[Information Boundary: Start]

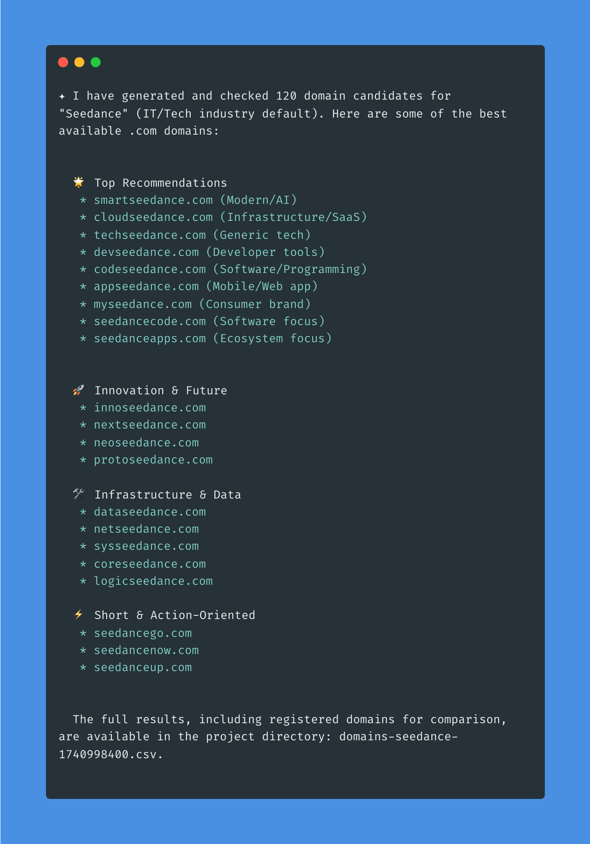 If you want to be more creative, you can check this Domain Brainstormer skill.
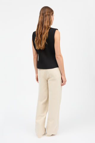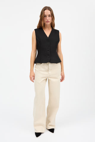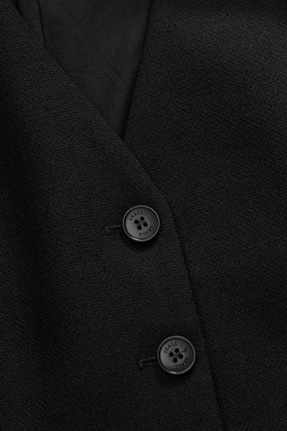Ari Vest er en klassisk vest med V-udskæring, figursyet i taljen og med længde til hoften. Fire store knapper lukker foran mellem de flatterende, formskårne paneler.
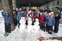 На дворе весна, а снегу намело столько, что дети с огромной радостью принялись лепить снеговиков. Вот какие снеговички получились!
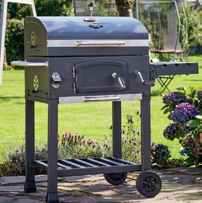 Zum Grillen und Räuchern, fahrbar, Deckelthermometer, Grillrost aus emailliertem Gusseisen, Gesamtgrillfläche: 57 x 41,5 cm, B 103 x H 104,5 x T 63 cm. Art.-Nr. 5248133
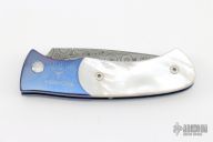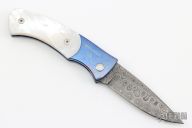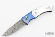This TAD Gear Custom Duke by Pro-tech features a Damascus drop point blade. The handle has an orange peel finished and anodized titanium frame with mother of pearl inlays. Comes with a zippered case. Has a couple light scuffs, otherwise excellent condition.
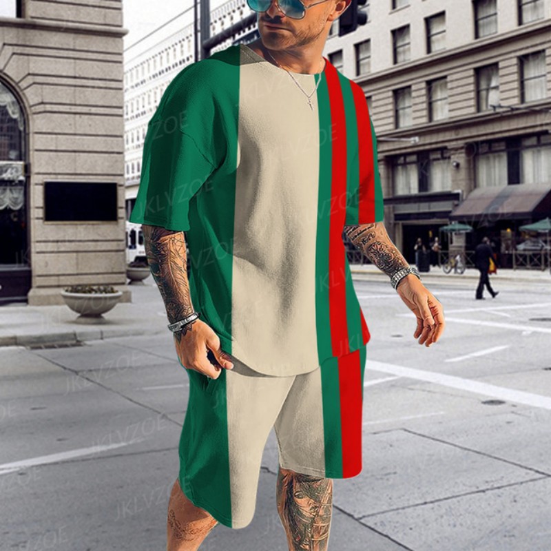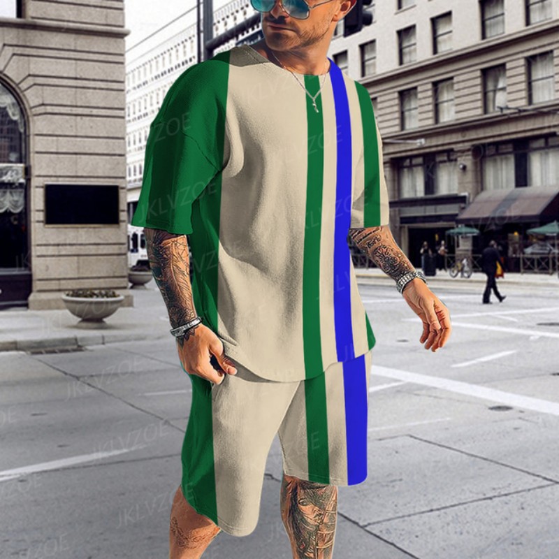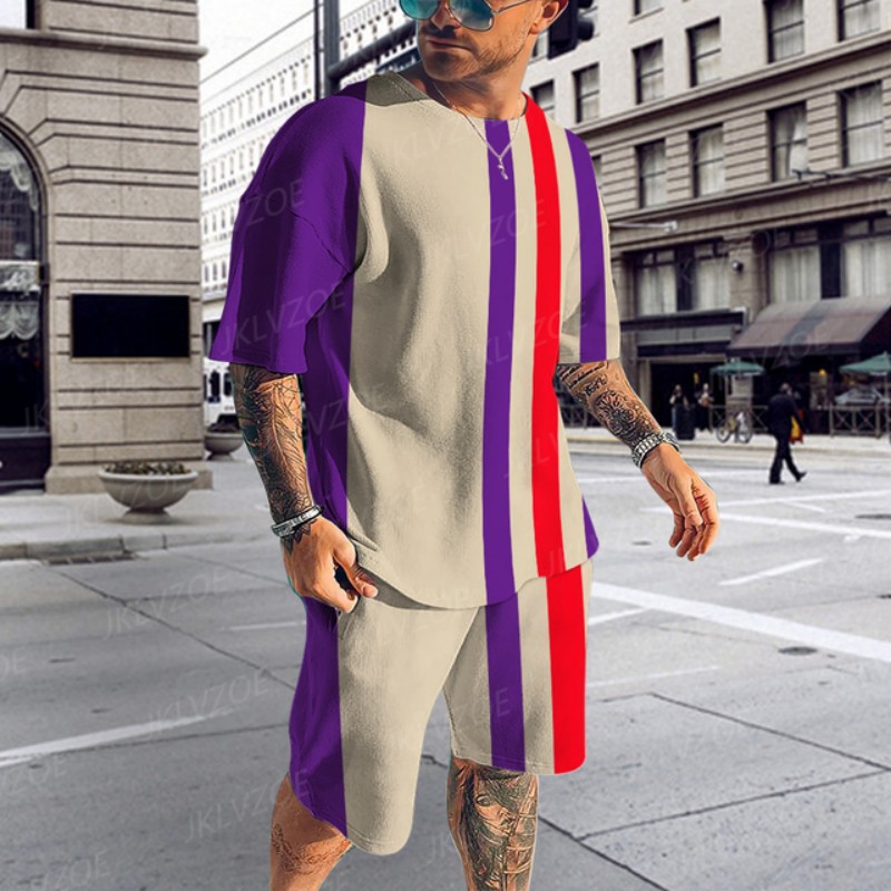 여름 새로운 남성 반팔 반바지 투피스 세트 3D 인쇄 스포츠 캐주얼 빠른 건조 의류 스포츠 세트
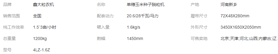 單穗玉米種子脫粒機為麥稻及谷子,高粱等作物,穗系、株系、品比圃、原種小區選育良種用的半喂入式氣流清選脫粒機。它將把你試驗的品種準確無誤的實驗結果提供給你。且動力消耗少、產品高、抗混雜。配用汽油發動機可野外工作、操作容易、舒適、安全。深受廣大科研單位的青睞,遠銷全國各大科研單位。配用動力;電機Y100-6-1.5瓦380V220V生產率;100-150公斤/時(作物含水率15-18%時)破碎率;≤0.2%總損失;≤1.5%殘留量;0清機時間;≤3秒(機械氣流,輔以人工)
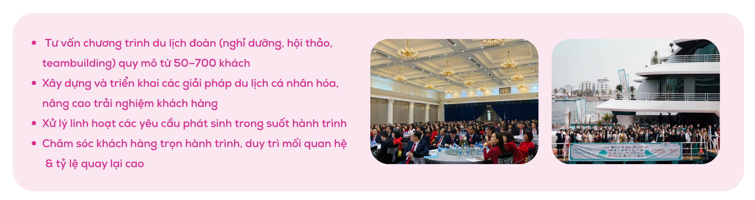 Với Ms. Phạm Lượng, mỗi chuyến đi là một hành trình được xây dựng từ sự thấu hiểu và linh hoạt trong từng chi tiết. Không chỉ dừng lại ở việc đáp ứng nhu cầu, chị luôn hướng tới việc mang lại trải nghiệm trọn vẹn và sự an tâm cho khách hàng trong suốt hành trình.

[Information Boundary: End]

# Required work:
Quote, word for word and nothing more, every line from the line with "單穗玉米種子脫粒機為麥稻及谷" to the end of the entries, including both ends; skip any pictures.

# Reply to the exercise:
 單穗玉米種子脫粒機為麥稻及谷子,高粱等作物,穗系、株系、品比圃、原種小區選育良種用的半喂入式氣流清選脫粒機。它將把你試驗的品種準確無誤的實驗結果提供給你。且動力消耗少、產品高、抗混雜。配用汽油發動機可野外工作、操作容易、舒適、安全。深受廣大科研單位的青睞,遠銷全國各大科研單位。配用動力;電機Y100-6-1.5瓦380V220V生產率;100-150公斤/時(作物含水率15-18%時)破碎率;≤0.2%總損失;≤1.5%殘留量;0清機時間;≤3秒(機械氣流,輔以人工)
 Với Ms. Phạm Lượng, mỗi chuyến đi là một hành trình được xây dựng từ sự thấu hiểu và linh hoạt trong từng chi tiết. Không chỉ dừng lại ở việc đáp ứng nhu cầu, chị luôn hướng tới việc mang lại trải nghiệm trọn vẹn và sự an tâm cho khách hàng trong suốt hành trình.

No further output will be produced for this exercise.